From Equilibrium to Steady State: The Transient Dynamics of Colloidal Liquids under Shear
J. Zausch (Univ. Mainz), J. Horbach (DLR, Cologne), M Laurati, S. U., Egelhaaf (Univ. Duesseldorf), J. M. Brader, Th. Voigtmann, and M. Fuchs, (Univ. Konstanz)

TL;DR
This paper combines simulations, theory, and experiments to analyze the transient stress and particle motion in colloidal liquids under shear, revealing the microscopic origins of stress overshoot and super-diffusive behavior near the glass transition.
Contribution
It introduces a comprehensive approach linking macroscopic stress responses to microscopic particle dynamics during shear startup in colloidal glasses.
Findings
Identification of negative correlations causing stress overshoot
Observation of super-diffusive particle motion in transient dynamics
Establishment of a link between stress curves and particle motion
Abstract
We investigate stresses and particle motion during the start up of flow in a colloidal dispersion close to arrest into a glassy state.

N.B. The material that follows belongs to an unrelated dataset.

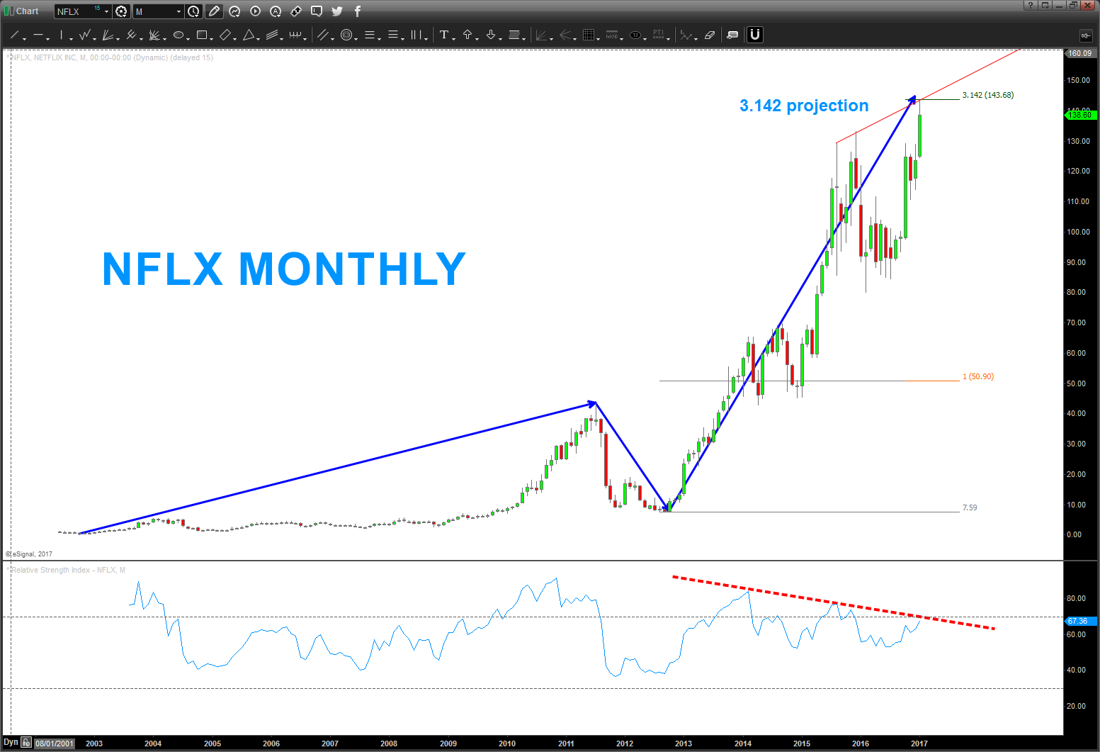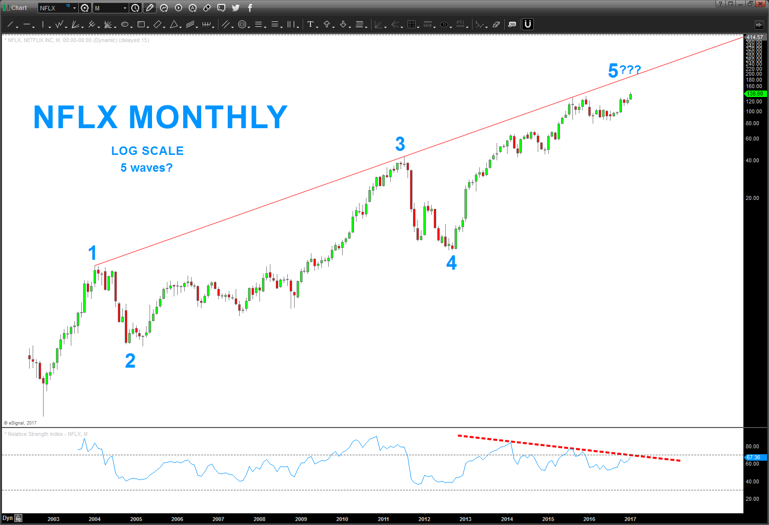 that being said, I hit erase all on $NFLX chart and took a fresh look at it … I still see 5 waves up w/ no RULES broken so the count is valid and there’s monthly bearish divergence and we are about to tag the upper long term trend line that is roughly 10 years old. I still say be careful up here but .. again … UNCLE.

A combination of molecular dynamics simulation, mode coupling theory and confocal microscopy experiment is used to investigate the origins of the widely observed stress overshoot and (previously not reported) super-diffusive motion in the transient dynamics. A link between the macro-rheological stress versus strain curves and the microscopic particle motion is established. Negative correlations in the transient auto-correlation function of the potential stresses are found responsible for both phenomena, and arise even for homogeneous flows and almost Gaussian particle displacements.